It’s Christmas, and DC Comics has a powerful, heartbreaking gift for you: Black Canary: Best of the Best #2, which is now in comic book shops everywhere. Written by Tom King with art by Ryan Sook, the comic digs deeper into the relationship between Black Canary and her mother, the original Black Canary. And spoilers past this point, while issue #1 ended with the younger Black Canary revealing she’s throwing her fight with Lady Shiva to get a cure for her mother’s cancer, issue #2 ended with her mother telling her she has to win.
According to King, that’s of course purposeful, and the ending of issue #1 — revealing Vandal Savage telling her to lose — and the ending of issue #2 — with Black Canary’s mother telling her to win — are of a piece. And those final panels in Black Canary: Best of the Best #2 really change the direction of the series.
“[This is] a comic about two women in the ring, and you think that’s going to be Lady Shiva and Black Canary, but it’s actually Black Canary and her mother,” King told Comic Book Club. “The ring stuff is almost metaphorical to what’s happened to Black Canary and her mother, and their battles and their loves over all the years. That’s what stands at the heart of this. This is a brutal, bloody, action-packed mother-daughter love story.”

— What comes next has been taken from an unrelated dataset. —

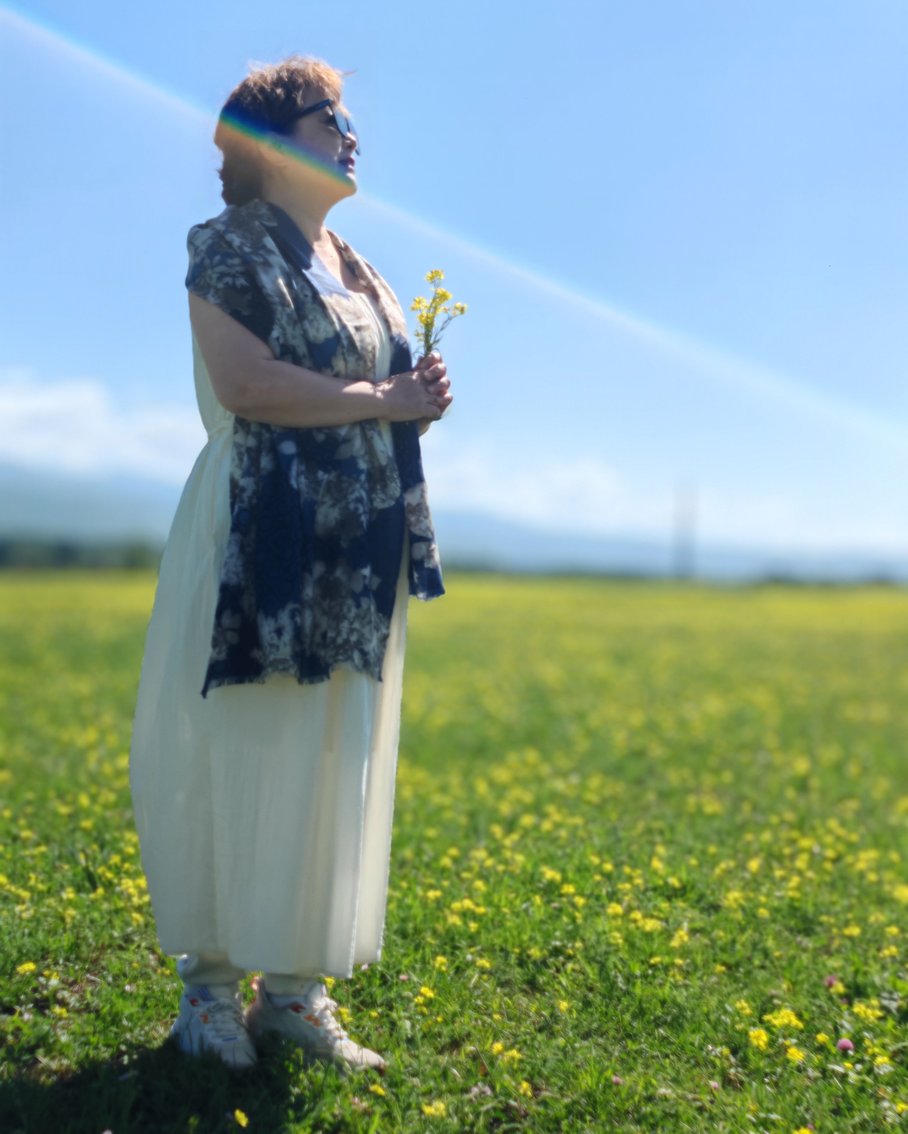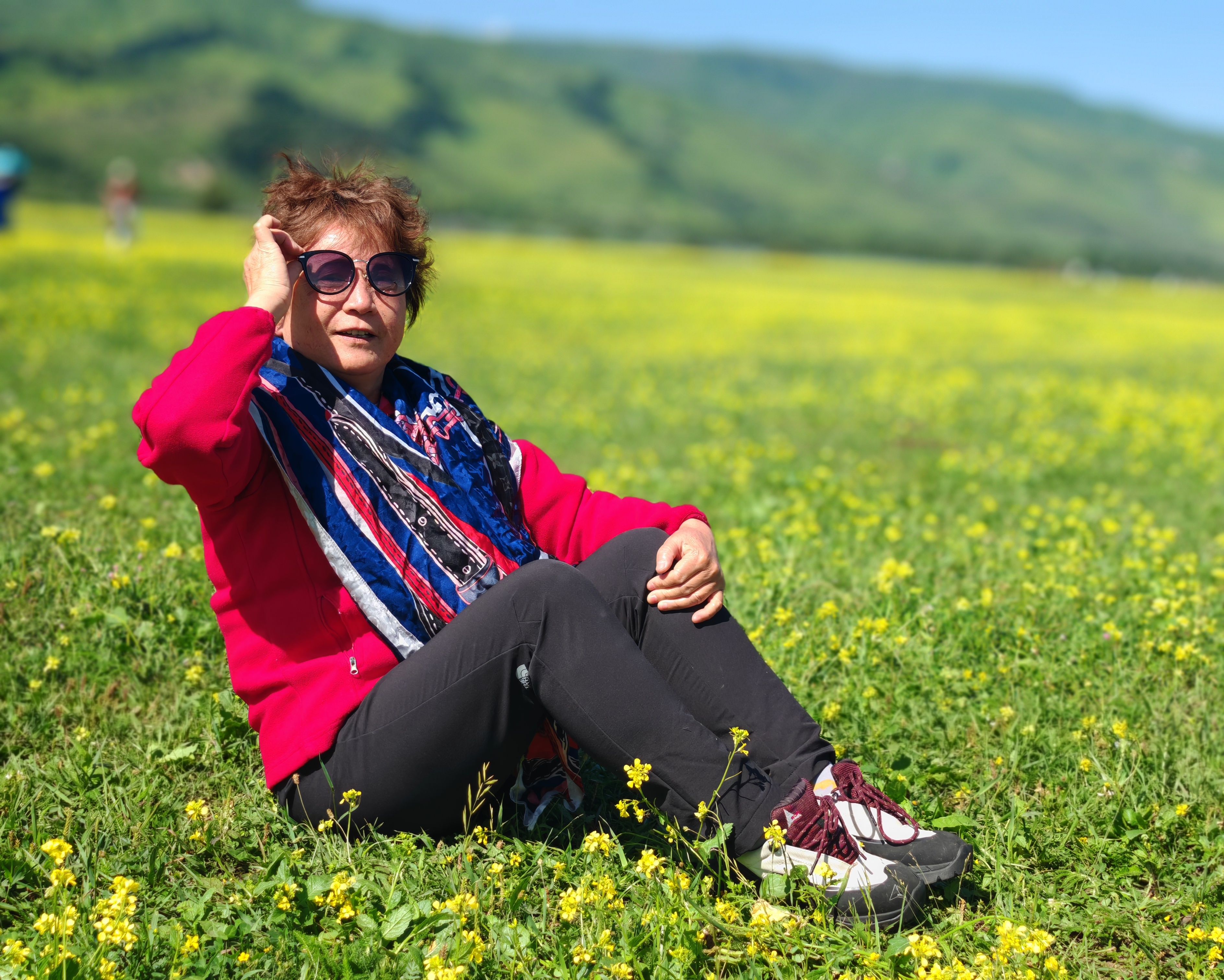 两个遛马的汉子走过来,用生硬的普通话问“骑不骑马?”为什么不呢?骑马漫步、花间嗅香、草地拍照、坐在椅子上欣赏白云远山,大家各得其所。目撷山间松色,身披彩虹衣装,我们不再是游览者,而是身心的体验者。你不信吗?你看,正有人举起相机对着我们拍照呢!在这里玩了1个多小时,然后到空中草原和游牧人家打卡拍照,下午4点多离开景区。

King also noted that the ending to Black Canary: Best of the Best #3 “also lands hard,” and that it “keeps going as we go forward.” But jumping back into the meat of the issue there are more parallels than the two endings. Specifically, in a flashback we see the younger Black Canary putting on her mother’s blonde wig for the first time, and seeing herself as the superhero she might one day become. And closer to the “present” we see the older Black Canary taking off her blonde wig to reveal a bald head, likely due to chemotherapy treatments.
“[Marie Javins], the Editor-in-Chief of DC Comics, said ‘I didn’t know what this book was until I read that scene where she puts on the wig,'” King recalled. “And I think that’s probably true for me too. That’s the sort of scene that crystallized what the whole series was about in one image.”
While King noted that calling it “wig lore” was “weird,” she’s actually a “raven-haired woman who wears a blonde wig. That was built into the character. That’s the disguise she wears when she puts on her armor. It’s part of her costume. It’s like Superman pulling his shirt apart. And so when the younger daughter puts on her mother’s armor, a lot of us have been there when you’re at a low point, and your shields you have in life have fallen, and you put on your parents’ shields, and you hope that’s enough. And then maybe it becomes not healthy. So that’s all wrapped into what Dinah’s doing.”
Beyond the relationship between the younger and older Dinah Lance, though, there’s also the relationship between King, Sook, and the reader. That’s something King worked hard to convey, particularly in this second issue.
“The challenge of this whole book is [telling a story] in terms of the four corners of the ring,” King said. “MMA and boxing and WWE have been telling stories in the ring for 100 years that have compelled many more people than ever read comic books. But still, it’s a challenge for us to bring that energy into our medium, and the challenge was on me, too, in each issue raise the stakes of this match [so] that when you’re looking at Ryan’s art you not just seeing how beautiful it is, but how important every blow is. And have those blows feel like they’re landing on the audience, and the audience wanting to do what Dinah has to do over and over again, which is get off the mat and keep going.”
Black Canary: Best of the Best #2 is now in comic book stores everywhere.